◆ **Task objective**: Could you retype the entries below exactly, omitting every picture?

----------

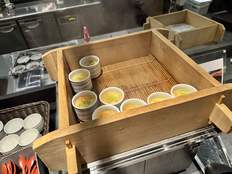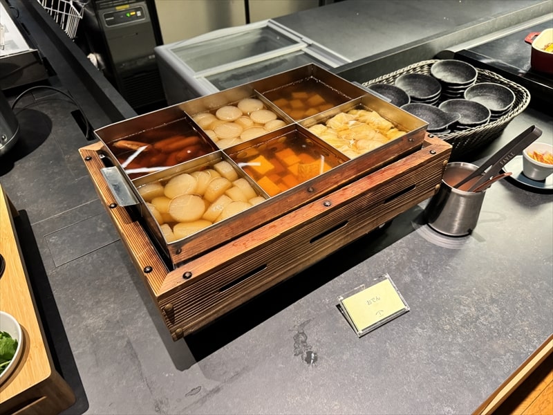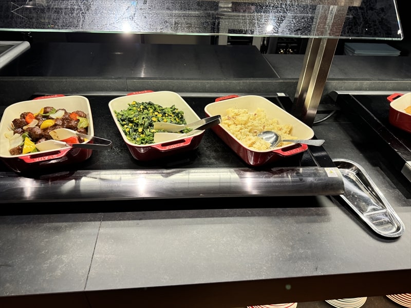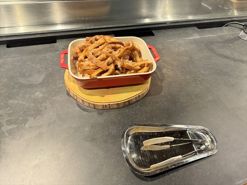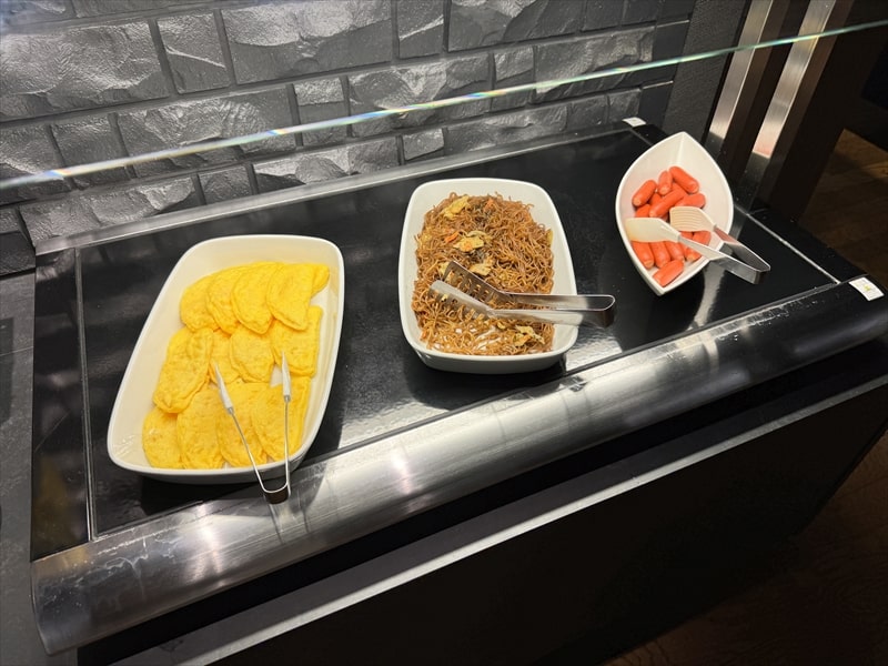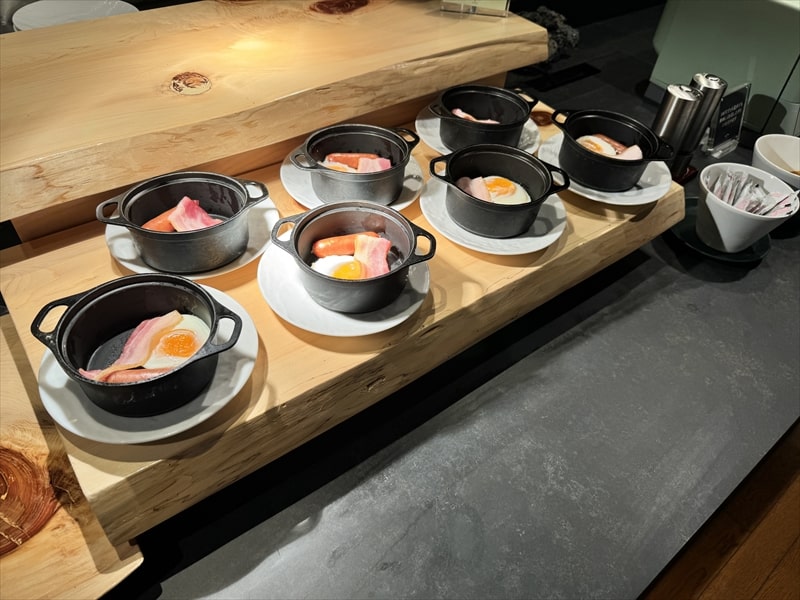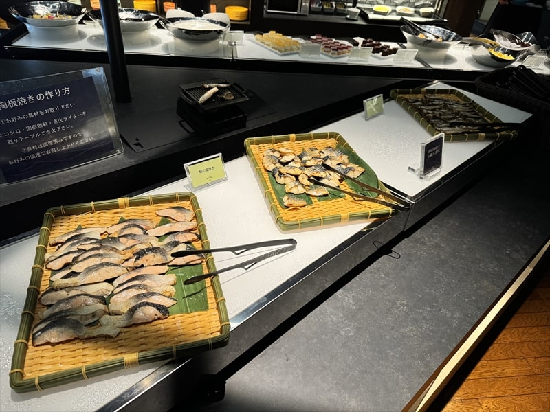 焼魚は好きなさかなを取り、自分の席に固形燃料が入ったコンロを持って行き温めて頂くのですが、このコンロでベーコンとソーセージを温めれば良かったかなと後で思いました。
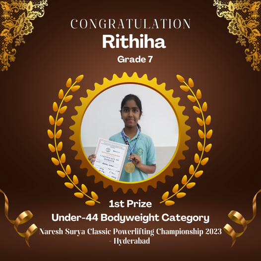 We take immense pride in sharing that Rithiha of grade 7 participated in Naresh Surya Classic Powerlifting Championship 2023 held in Hyderabad and won 1st prize in the under-44 bodyweight category.
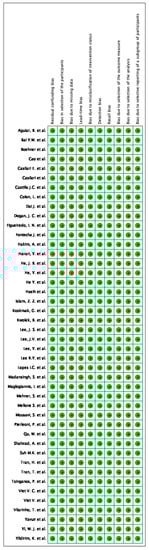 The bias risks of selected studies were assessed with the help of the ROBINS-I tool of the Cochrane Library for nonrandomized studies. A description of individualized bias and cross bias is shown in Figure 2 and Figure 3, respectively.
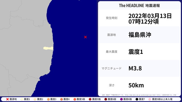 03月13日07時12分頃、福島県沖を震源とするマグニチュード3.8の地震が観測された。最大震度1を観測したのは、福島県。
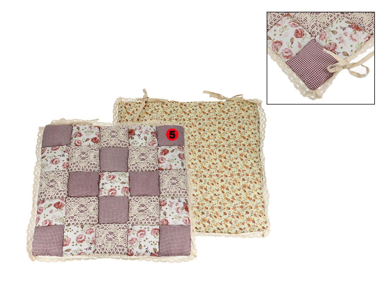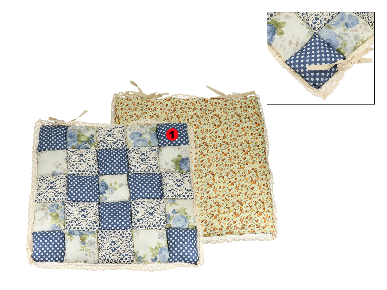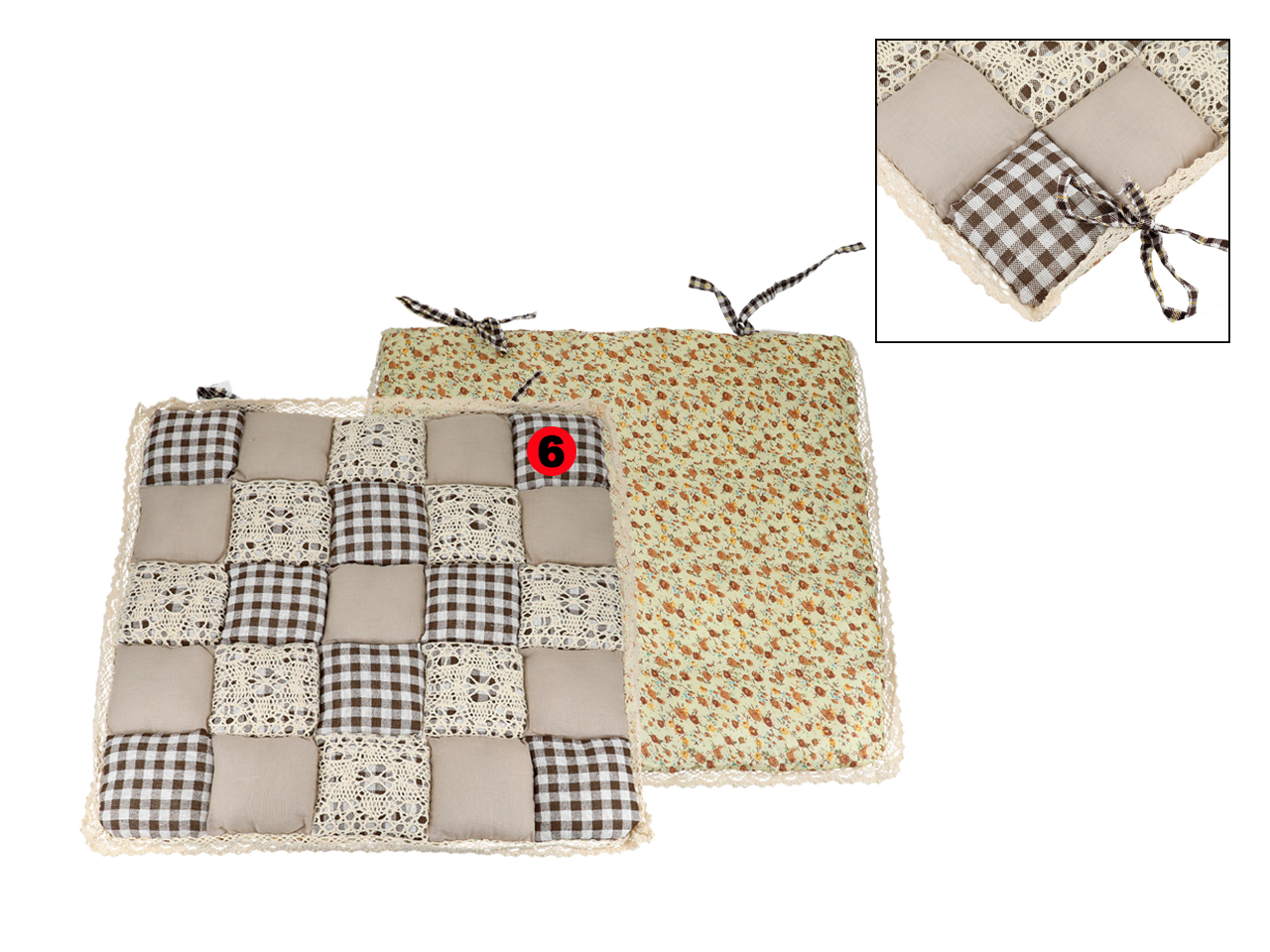 Poduszka na krzesełko – motyw kwadracików z koronką
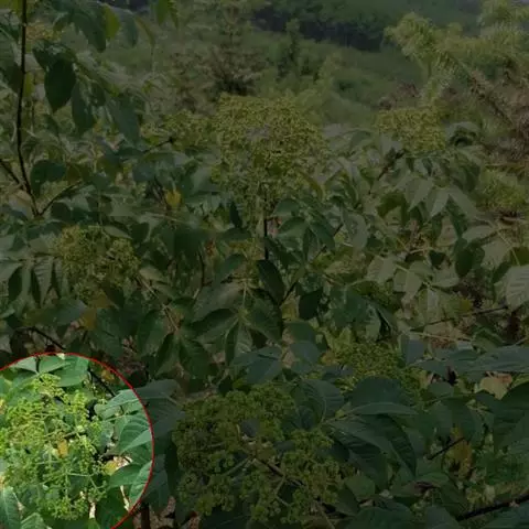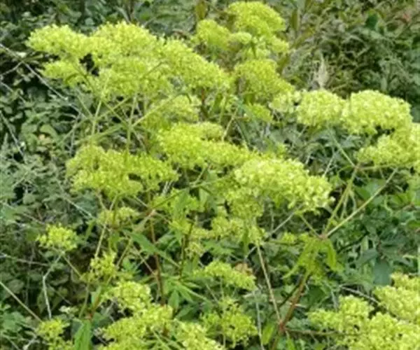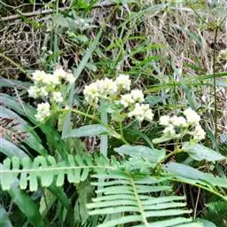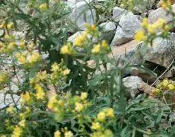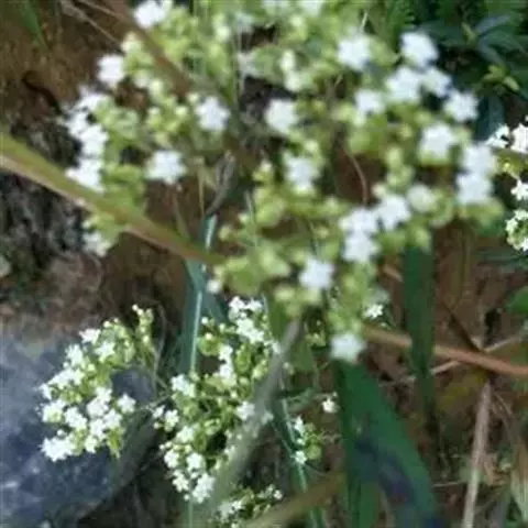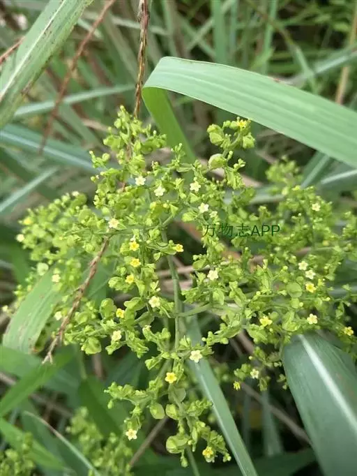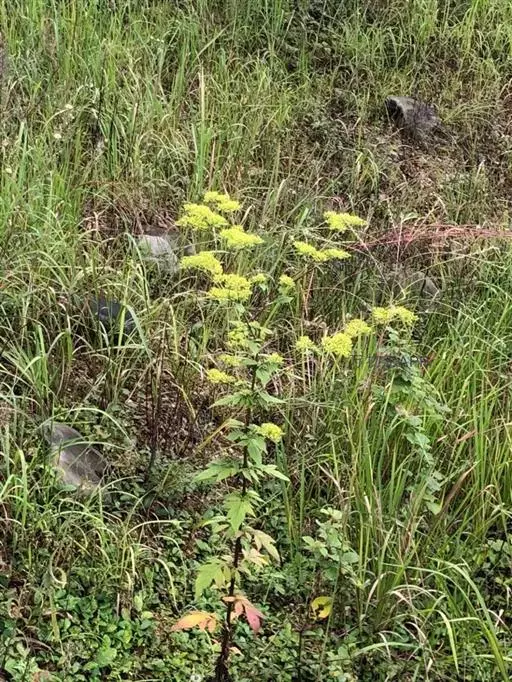 糙叶败酱( Patrinia rupestris Juss.subsp.scabra H.J.Wang),败酱科植物,多年生草本,茎丛生,茎上部多分枝,叶对生,裂片倒披针形、狭披针形或长圆形,聚伞花序顶生,呈伞房状排列,花小,黄色,花冠合瓣,果实翅状,卵形或近圆形,种子位于中央。

----------

◆ **Exercise output**:
 焼魚は好きなさかなを取り、自分の席に固形燃料が入ったコンロを持って行き温めて頂くのですが、このコンロでベーコンとソーセージを温めれば良かったかなと後で思いました。
 We take immense pride in sharing that Rithiha of grade 7 participated in Naresh Surya Classic Powerlifting Championship 2023 held in Hyderabad and won 1st prize in the under-44 bodyweight category.
 The bias risks of selected studies were assessed with the help of the ROBINS-I tool of the Cochrane Library for nonrandomized studies. A description of individualized bias and cross bias is shown in Figure 2 and Figure 3, respectively.
 03月13日07時12分頃、福島県沖を震源とするマグニチュード3.8の地震が観測された。最大震度1を観測したのは、福島県。
 Poduszka na krzesełko – motyw kwadracików z koronką
 糙叶败酱( Patrinia rupestris Juss.subsp.scabra H.J.Wang),败酱科植物,多年生草本,茎丛生,茎上部多分枝,叶对生,裂片倒披针形、狭披针形或长圆形,聚伞花序顶生,呈伞房状排列,花小,黄色,花冠合瓣,果实翅状,卵形或近圆形,种子位于中央。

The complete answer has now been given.